Except, there wasn’t. In this country, we don’t have clear signage with bus times clearly displayed at otherwise high tech bus ticket counters and there is some apparent need to guesstimate things (the timetable was available outside the bus station by the stop for said bus after I had bought the ticket but all of those wonderfully useful looking flat panel displays that seem to have such potential within the station building were of course not functional at the time). Of course, it being a Sunday evening and because I was trying to get a bus, they decided this would be the time when there would be a new timetable and a 1.5 hour random separation between services. So much for the “from Reading to Heathrow, we’ll get you there, Railair” jingle and 20 minute claims. Even Saddam was closer to that. But I disgress.

So, I decide to get a refund. Of course this requires at least 20 people and lots of “umming” and “ahhing” before the computer system (which invariably is overly complex for the purpose) is finally used to get me a cash refund – since they can’t refund my credit card for some reason. Fine. I decide to get a taxi. Except those are 80GBP from Heathrow (quite excessive), so I decided that I was too fucked off with Railair (it had become a matter of principle by this point) to sit and wait and got the train into London.
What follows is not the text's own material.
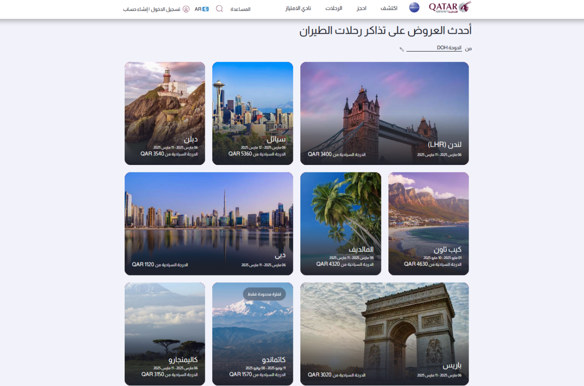 أظهرت أحدث عروض الخطوط الجوية القطرية على تذاكر رحلات الطيران للدرجة السياحية من الدوحة، أسعاراً متفاوتة حسب الوجهة.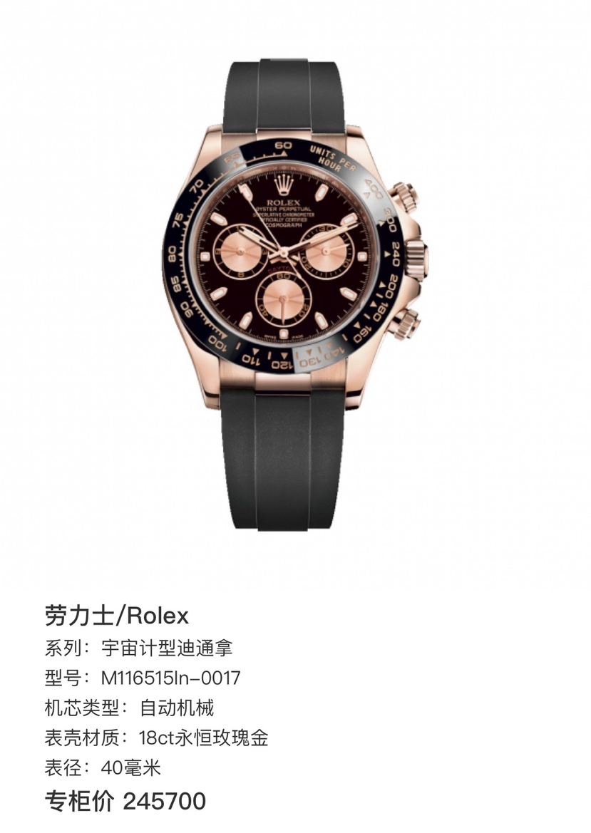 劳力士/Rolex 宇宙计型迪通拿 M116515ln-0017 自动机械 18ct永恒玫瑰金 40毫米 专柜价245700

Normally, getting a train into London isn’t such a bad idea. There’s a Heathrow Express to London Paddington and I live in Reading, which is a major interchange from Paddington. Except on Sunday evenings (they regularly try to screw me over there, but I know about it). Tonight it was another “waiting for a member of train staff” (which always means the driver – I know it was because I was listening to their radio. It pisses me off that they can’t just admit that) after the train was already late and a medical emergency then delayed matters further. Still, our chirpy pal in the buffet car is happy to continually announce such wonderous services as might be obtained if I’d only be bothered to get out of my seat. I wasn’t. I sat there while an overnight train and some engineering works ahead of us delayed my journey still further.
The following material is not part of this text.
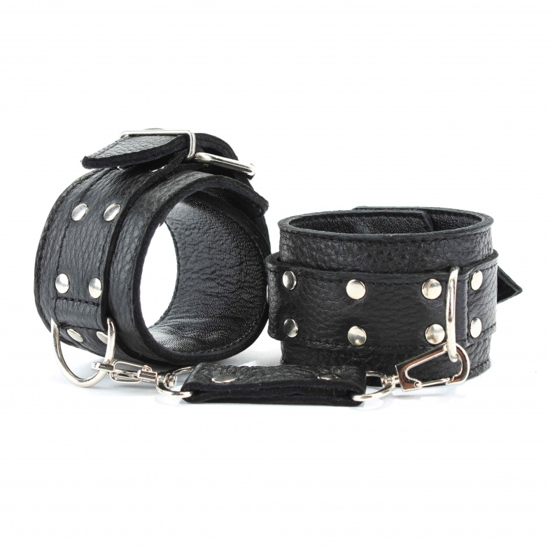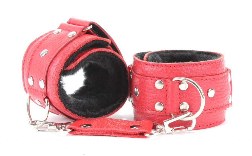 Оковы выполнены из натуральной кожи бордового цвета. Изделие декорировано ремнями из замши черного цвета. Посредине аксессуара расположено полукольцо из сварной фурнитуры. Оковы надежно фиксируются пряжками и ремнями, позволяющими выбрать нужный размер, кожаное соединение на карабинах фиксирует оковы вместе. Стильный аксессуар отлично подходят для воплощения эротических БДСМ игр.

Anyway, it’s 01:24 and I just got home. I landed at 08:50, got out of that hell hole at 21:40 and finally finished getting shafted by various transportation companies just a few minutes ago. All in all, I’m fucked off with public transportation and have decided it’s easier, faster and cheaper to just pay the 30GBP weekend parking rate next time. Yes, I’m going to get that driving license sorted out and just give in to the car.

Jon.

P.S. I’m not entirely wrong about some of the comments above. I’ve been bouncing some of the points raised here off friends in N.A. for a while now. Few of them would put up with this crap.